My copy is here.
And let me tell you, that occultist friend of mine is getting a copy of this for his birthday, he just doesn't know it yet. It's so his thing.
But that's beside the point! My impressions...
Well, for starters, I put off opening the thing until the sun set, and lit a hoity toity cuban-tobacco-and-bergamot candle for extra cheese factor. I rolled my eyes like I usually do at Llewellyn's packaging, with the silly white box that is far too big for the cards and made of toilet paper besides (plus that little tear-off bit, what the hell is up with that?). The book came out first, and I'm impressed with the quality there -- no pages fell out when I riffled through it, clean and readable typesetting with no frou-frou fonts to go with the Vampyre theme.

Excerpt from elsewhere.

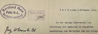 Unmittelbar nach dem 1. Weltkrieg erteilt B. HEIN dem als Betriebsleiter eingesetzten Otto HEIN (ein Sohn?) die Prokura, die das Peitzer Amtsgericht am 27. November als Gesamtprokura (mit Eduard HÜNDORF) bestätigt. Die Maschinenwerkstatt läuft noch drei Jahre. Eine Drahtziegelproduktion ist nicht dokumentiert gefunden. Auch in einer Protokollniederschrift einer Besprechung zum Antrag des Peitzer Magistrats auf Eingemeindung des Hüttenwerkes vom 28.10.1920 ist festgehalten, dass Oberregierungsrat NEUBAUR nebenbei allein die Maschinenfabrik von Hein erwähnt. HEIN hatte wie andere Peitzer Fabrikanten in patriotischer Überzeugung reichlich Kapital in Kriegsanleihen angelegt, das nun nicht mehr zur Verfügung steht. Am 28. Oktober 1921 beantragt B. HEIN die Löschung seiner Firma gegenüber dem Justizinspektor Paul GALLE im Amtsgericht Peitz. Da es kein Konkursverfahren gibt, sind höchstwahrscheinlich Kaufverhandlungen mit Paul STAUSS aus Cottbus vorausgegangen. HEIN geht in die Politik, wird Stadtverordneter und arbeitet in Ausschüssen der „Wirtschaftlichen Vereinigung“, einer bürgerlichen konservativen Verbindung, die in Peitz mit dem Landbund und den Vereinen der Beamten und der Hausbesitzer als Gegensatz zu den Gewerkschaften gegründet wird. Im Protokoll der Peitzer Stadtverordnetenversammlung vom 27.10.1924 ist vermerkt: „Der Ing. B. HEIN von der bürgerlichen Einheitsliste legt sein Amt als Stadtverordneter nieder, da er längere Zeit abwesend ist. Dafür wird der Buchdruckfabrikant R. RICHTER folgen…“. Dann verlieren sich die Spuren von HEIN, der, zumindest dem Namen nach, die Produktion von weltweit begehrten Drahtziegelgewebe nach Peitz brachte.

As for the deck, WOW. That's both a sarcastic wow and a serious wow. First wow: the art is nice. Very nice. As a painter myself, I appreciate what the artist is doing here, and he does it very well. Second wow: hot damn this thing is cheesy. It's dripping with cheese. The first thing I thought of was, like I said in my last post, Elizabethan drama. You know how in those days, female roles were played by boy actors? And how in some plays, the boy actor would be playing a girl who had disguised herself as a boy? In one play there's even a boy playing a girl disguised as a boy playing a girl on a stage within the play. The vampires remind me of that, in two senses -- one, a lot of them are ambiguously gendered, so I keep thinking "hmm, this looks like a woman but might be a boy" or "this looks like a man but I'm pretty sure those hips belong to a girl". Secondly, they strike me as being very dramatic vampires in the sense that they're almost doubly unreal -- I think of them as vampires pretending to be humans who are playing vampires on stage. Layers and layers of metaphorical costuming, here. It offsets the cheese factor by appealing to my obsession with theatrical history. I had no problems with sticky cards, paint chips, or cardstock flaws. The little nudity displayed is quite tasteful.
I like the Thothiness of it, how the book doesn't use canned RWS meanings like most themed decks, and especially how the book and the deck make sense together (which should be obvious, given how the artist wrote the book, but I've read some pretty awful companion volumes by deck creators). However, this is not a deck I'd use in any sort of professional situation. Storytelling, sure; readings for myself or for close friends, definitely -- it doesn't strike me as simply an art deck, it IS readable -- but I would never bring this to a reading for a stranger.
I have some minor quibbles. The art is one of them; a couple of the cards don't seem to express quite the same level of skill as the rest, mostly in the hand/wrist area, and the Nine of Grails hits all my WTF meters for anatomy and composition (and also because it's tasteless, but surprisingly, it's the only card in the deck that made me want to yell). My other quibble is that some of the cards just plain don't make sense on first glance -- The Star springs to mind from when I was flipping through. Yes, The Star often features a woman pouring water into a pond or some such object, but the vampire Star is just dripping blood from her goblets willy-nilly. The book does explain the image fairly well, but I like my cards to make sense at first glance. (This is either my professional artist brain talking, or I'm just picky. I'm not sure. Maybe both.)
Of course, my inner teenage gothy-girl, who insists on wearing corsets every day, and cutting herself artistically, and smoking marijuana out of a skull hookah -- she loves it, precisely because it's ridiculous and absurd.
It's not a deck I'd recommend for someone who's super-serious about tarot, for sure! But it's a good solid set despite how corny it appears.